Task material section start

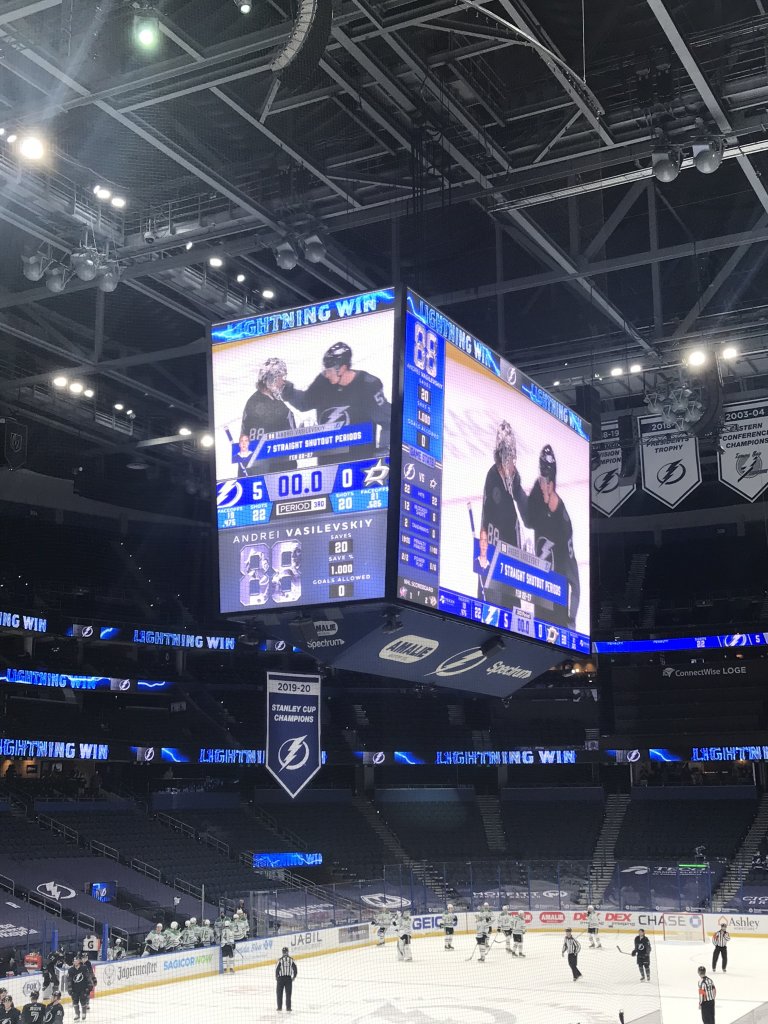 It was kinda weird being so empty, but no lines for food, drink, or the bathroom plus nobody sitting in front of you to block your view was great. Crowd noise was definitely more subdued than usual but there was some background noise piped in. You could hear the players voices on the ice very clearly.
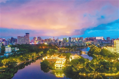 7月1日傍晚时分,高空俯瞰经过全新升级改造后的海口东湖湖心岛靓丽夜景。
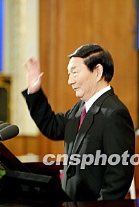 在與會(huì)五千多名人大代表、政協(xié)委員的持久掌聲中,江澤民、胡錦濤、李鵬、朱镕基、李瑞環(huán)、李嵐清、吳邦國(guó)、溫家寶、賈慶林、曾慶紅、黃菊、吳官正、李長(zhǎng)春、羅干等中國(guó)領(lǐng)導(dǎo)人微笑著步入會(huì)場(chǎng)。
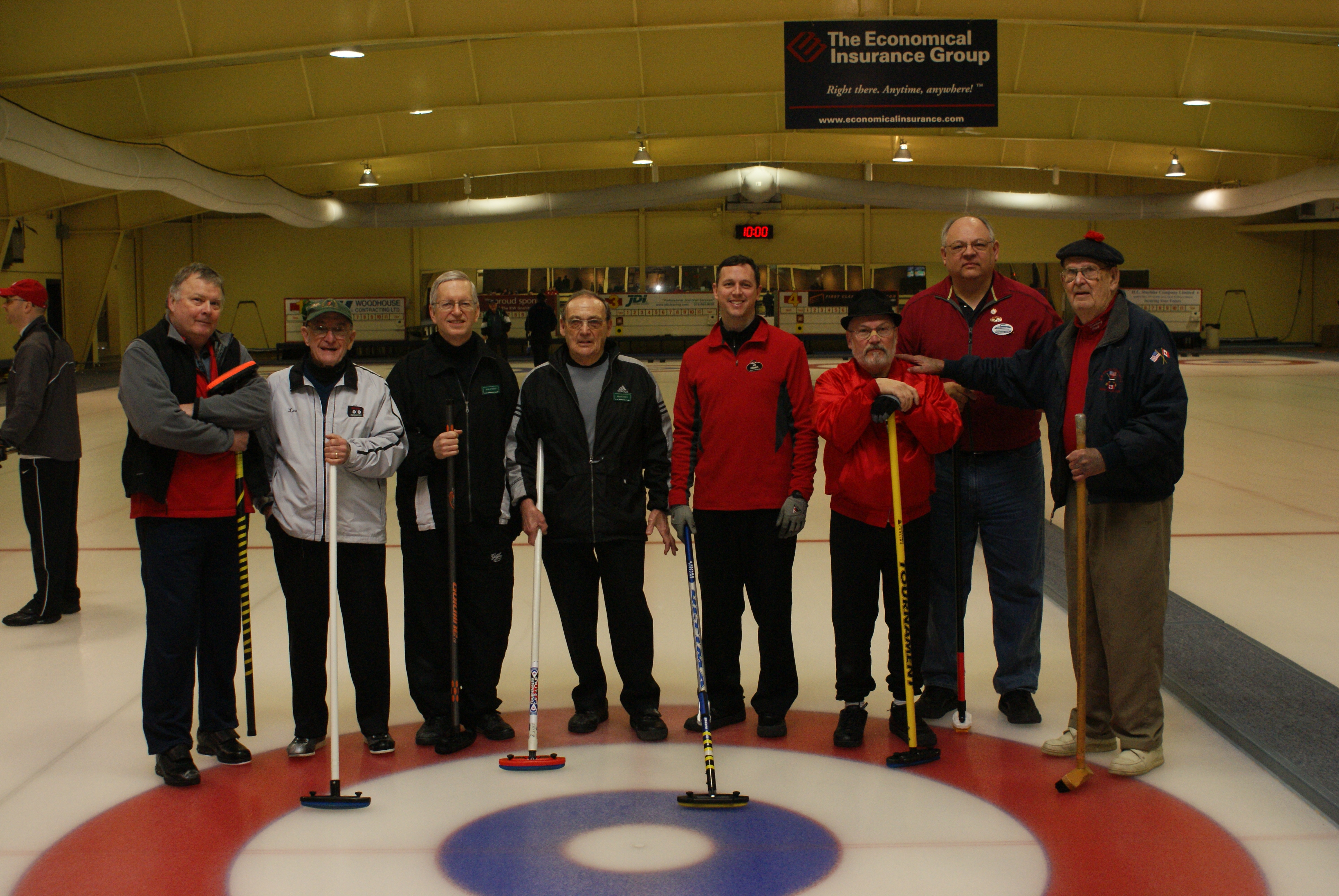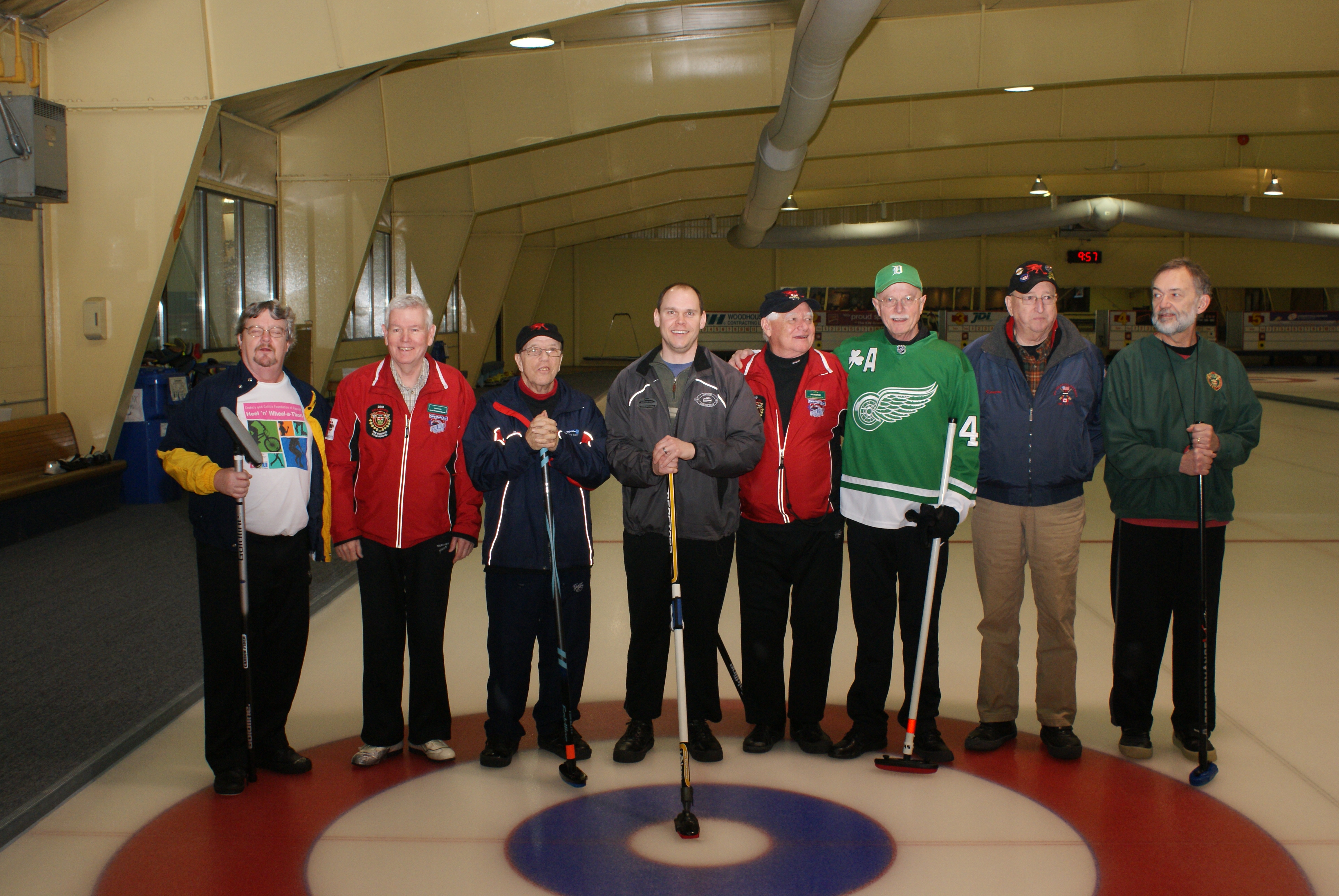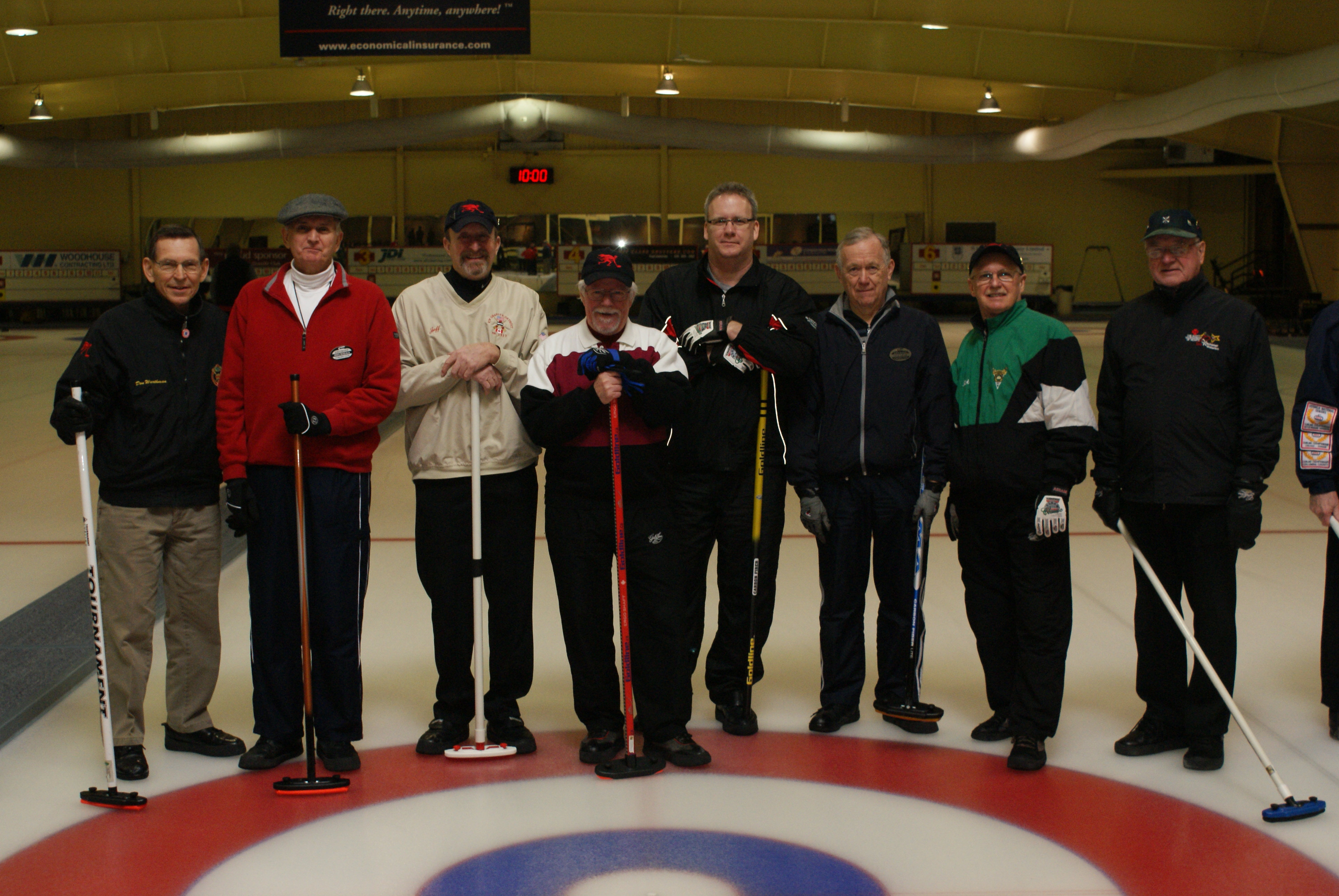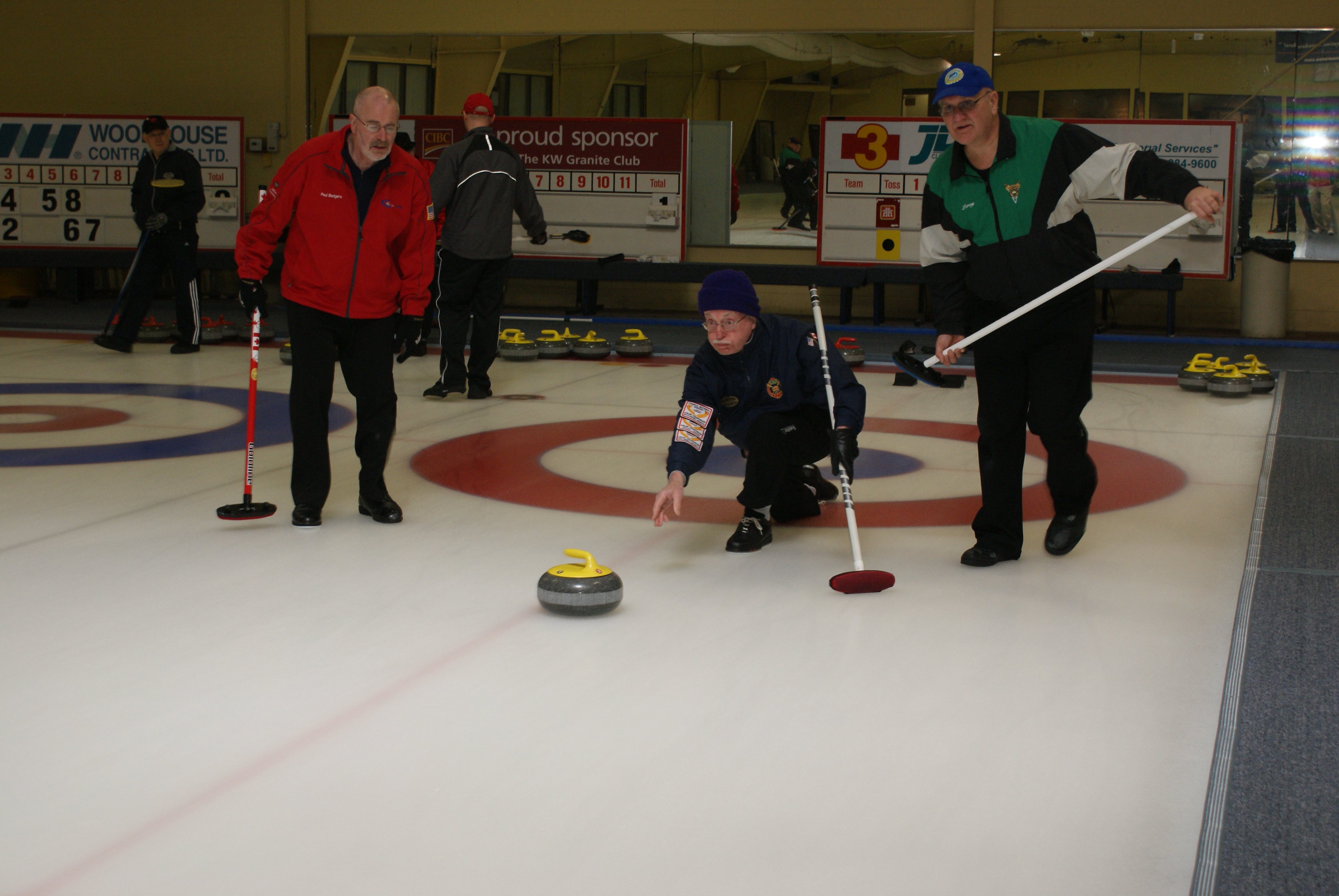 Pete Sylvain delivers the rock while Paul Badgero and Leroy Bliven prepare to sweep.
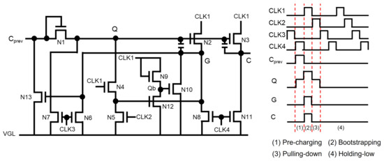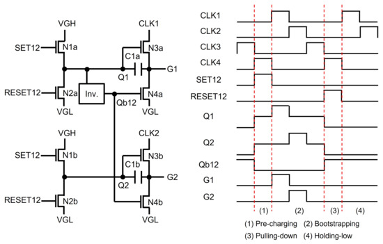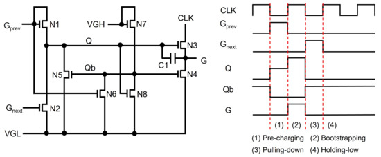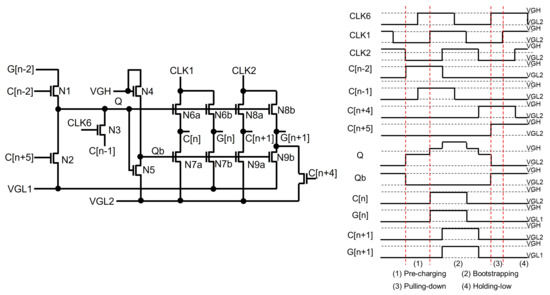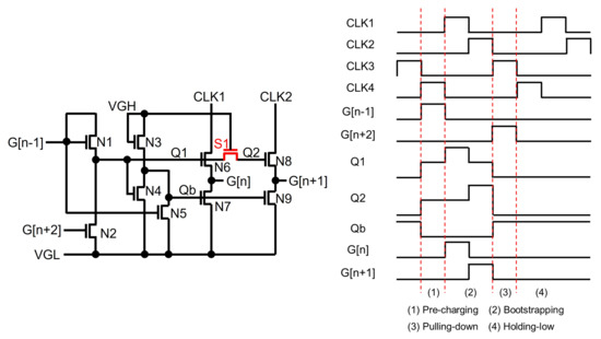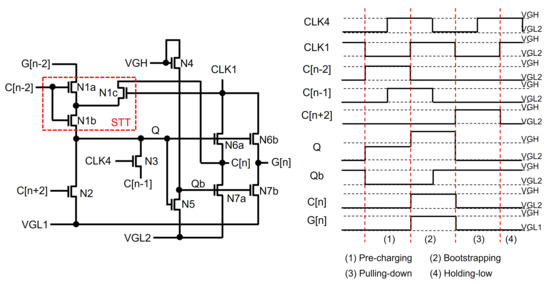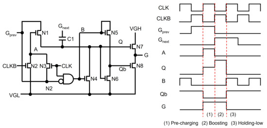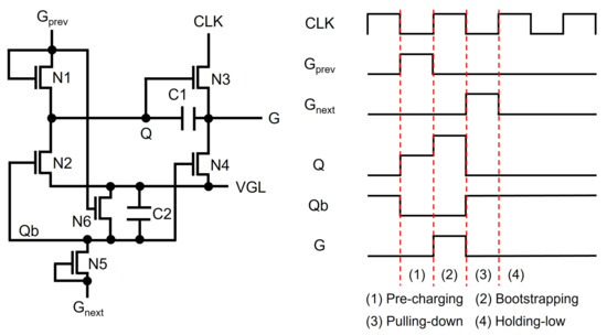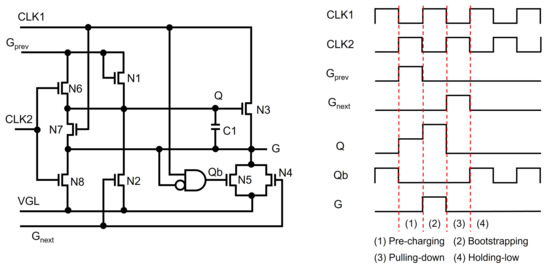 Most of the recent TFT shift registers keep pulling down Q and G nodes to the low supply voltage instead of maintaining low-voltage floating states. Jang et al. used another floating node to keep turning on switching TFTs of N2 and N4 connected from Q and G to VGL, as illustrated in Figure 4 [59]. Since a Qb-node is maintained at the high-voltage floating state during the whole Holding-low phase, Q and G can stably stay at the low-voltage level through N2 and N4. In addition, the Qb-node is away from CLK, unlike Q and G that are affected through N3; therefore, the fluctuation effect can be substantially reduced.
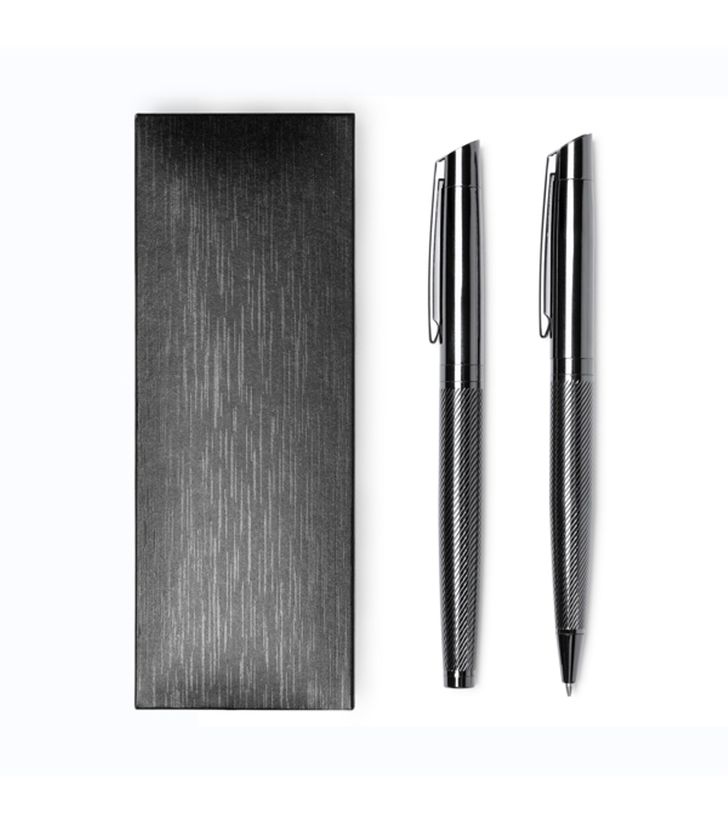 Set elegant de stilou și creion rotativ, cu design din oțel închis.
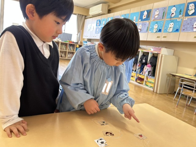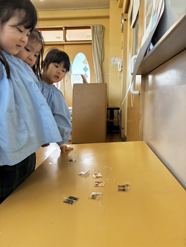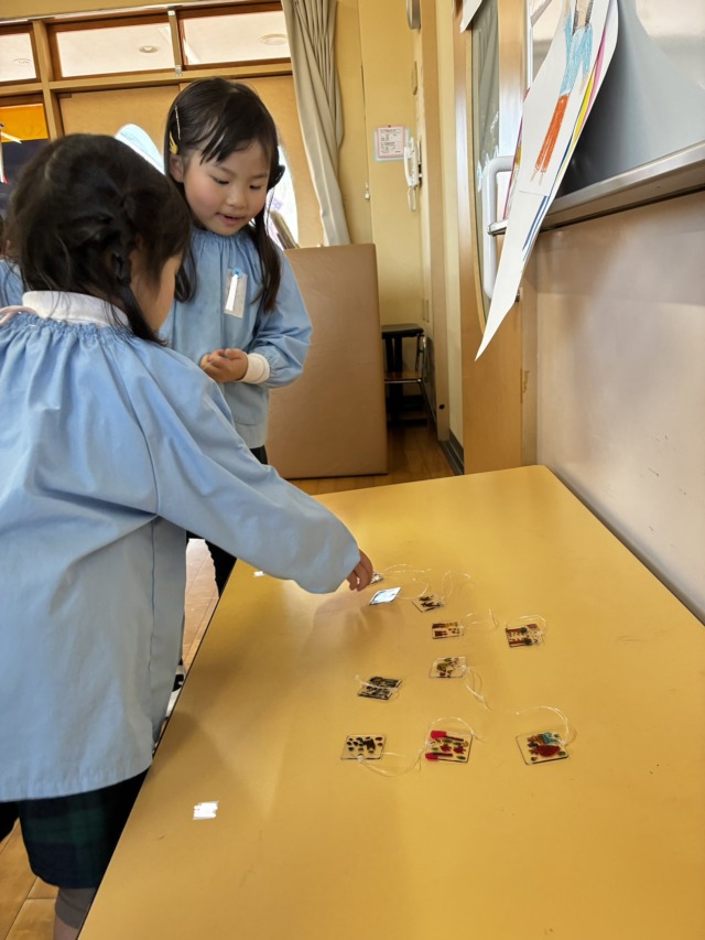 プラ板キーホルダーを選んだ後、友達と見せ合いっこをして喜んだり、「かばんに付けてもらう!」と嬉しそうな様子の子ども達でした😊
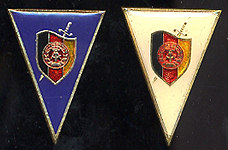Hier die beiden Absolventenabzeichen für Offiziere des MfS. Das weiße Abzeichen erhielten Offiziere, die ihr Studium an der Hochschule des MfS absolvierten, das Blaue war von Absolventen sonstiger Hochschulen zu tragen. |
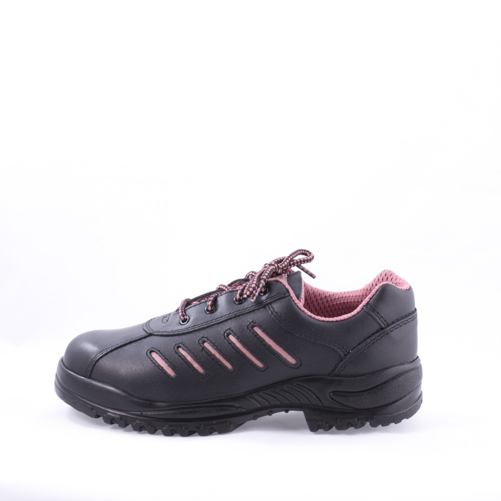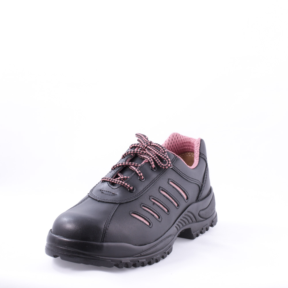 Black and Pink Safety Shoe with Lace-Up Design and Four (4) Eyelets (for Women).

Task material section end

■ Problem details ■
Could you write out the records exactly while omitting every picture?

■ Response box ■
 It was kinda weird being so empty, but no lines for food, drink, or the bathroom plus nobody sitting in front of you to block your view was great. Crowd noise was definitely more subdued than usual but there was some background noise piped in. You could hear the players voices on the ice very clearly.
 7月1日傍晚时分,高空俯瞰经过全新升级改造后的海口东湖湖心岛靓丽夜景。
 在與會(huì)五千多名人大代表、政協(xié)委員的持久掌聲中,江澤民、胡錦濤、李鵬、朱镕基、李瑞環(huán)、李嵐清、吳邦國(guó)、溫家寶、賈慶林、曾慶紅、黃菊、吳官正、李長(zhǎng)春、羅干等中國(guó)領(lǐng)導(dǎo)人微笑著步入會(huì)場(chǎng)。
 Pete Sylvain delivers the rock while Paul Badgero and Leroy Bliven prepare to sweep.
 Most of the recent TFT shift registers keep pulling down Q and G nodes to the low supply voltage instead of maintaining low-voltage floating states. Jang et al. used another floating node to keep turning on switching TFTs of N2 and N4 connected from Q and G to VGL, as illustrated in Figure 4 [59]. Since a Qb-node is maintained at the high-voltage floating state during the whole Holding-low phase, Q and G can stably stay at the low-voltage level through N2 and N4. In addition, the Qb-node is away from CLK, unlike Q and G that are affected through N3; therefore, the fluctuation effect can be substantially reduced.
 Set elegant de stilou și creion rotativ, cu design din oțel închis.
 プラ板キーホルダーを選んだ後、友達と見せ合いっこをして喜んだり、「かばんに付けてもらう!」と嬉しそうな様子の子ども達でした😊
Hier die beiden Absolventenabzeichen für Offiziere des MfS. Das weiße Abzeichen erhielten Offiziere, die ihr Studium an der Hochschule des MfS absolvierten, das Blaue war von Absolventen sonstiger Hochschulen zu tragen. |
 Black and Pink Safety Shoe with Lace-Up Design and Four (4) Eyelets (for Women).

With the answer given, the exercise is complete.